This is a question that was posted on LinkedIn:
Will you make a purchase from a stand-alone Landing Page that you’re visiting for the first time?
To elaborate, lets take a sample scenario. You’re surfing around, looking for some particular service vendor (products are much easier to sell online, I believe). You click on a sponsored result, and come to a page – a stand-alone landing page that lists their package offerings, with a call-to-action to buy. Lets assume that the page is of decent quality, and you are kind of inclining towards these guys.
Signing up for a newsletter, filling out a form – a typical visitor would probably do that. But would you actually spend money and buy something from this page? What would impress you enough to go “wow” and immediately start subscribing to their services?
Here is my answer.
Personally, I look for the feeling of safety when I buy, which is made up of several components:
- The identity of the seller must be clear, preferably verifiable, and there must be a way to communicate with him/her offline
- There must be conditions under which I can get my money back and a clear method of doing that. If a third party is involved (like Clickbank or PayPal), that’s even better, because I will feel protected
- It must be absolutely clear what I am buying through the content, the images, any videos, testimonials and so on. For some things, the only thing that will make me buy is a demo, but screen captures come pretty close in most cases
- The testimonials must appear to be from real people, who have gotten actual value out of the product/service and who describe their personal experience in sufficient detail to inspire my trust. Any website link and the testimonial is disqualified as biased. People who have just finished a workshop have not done anything with their new knowledge, so they are heavily discounted. Real, personal, raw life experience = trust
- The way things are laid out and the style/tone of the text give me a feeling. If the writer is confident, I will buy. If the writer tries to sell too hard, I will not buy. Good things are easy to sell, because their value is readily apparent. If the seller is not convinced he/she can sell without an effort, there must be something wrong with their offer
- I HATE pop-ups. If anything pops up, that’s the end for me
Although the question was about standalone sales pages, my answer is just as relevant for anything you do online. Tricks don’t work! At least, they don’t work for long. Search engines, social networking engines and website visitors are quick to learn and will always find out the frauds.

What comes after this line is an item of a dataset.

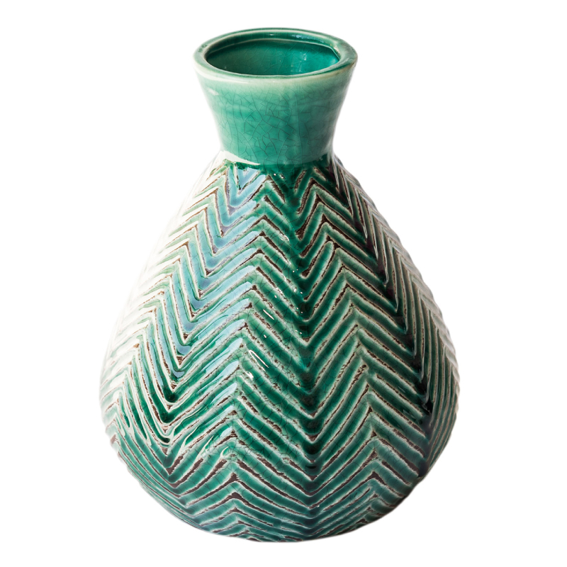 Превърнете всяко помещение в по-уютно, хармонично и стилно пространство с тази изящна релефна керамична ваза в елегантен зелен цвят. Тя съчетава артистичност и функционалност в един завършен декоративен акцент, който придава на интериора ви усещане за спокойствие и изисканост. Изработена от висококачествена керамика, вазата се отличава с внимателно оформена повърхност с фин релеф, който улавя светлината и добавя дълбочина към нейната форма.

The more real value you provide, the easier it will be to present it. Your feelings about your product, your service, your company and yourself as a person shine through your website pages and you can’t fake them.
As a life coach, I believe deeply that the world is our reflection and that by working on our inner peace will give us better results than trying to manipulate anybody or anything else. It’s the same when trying to sell something online. Love your product with all your heart. Truly feel you would buy it yourself and the sales will follow.
This is why I am an ethical Internet marketer.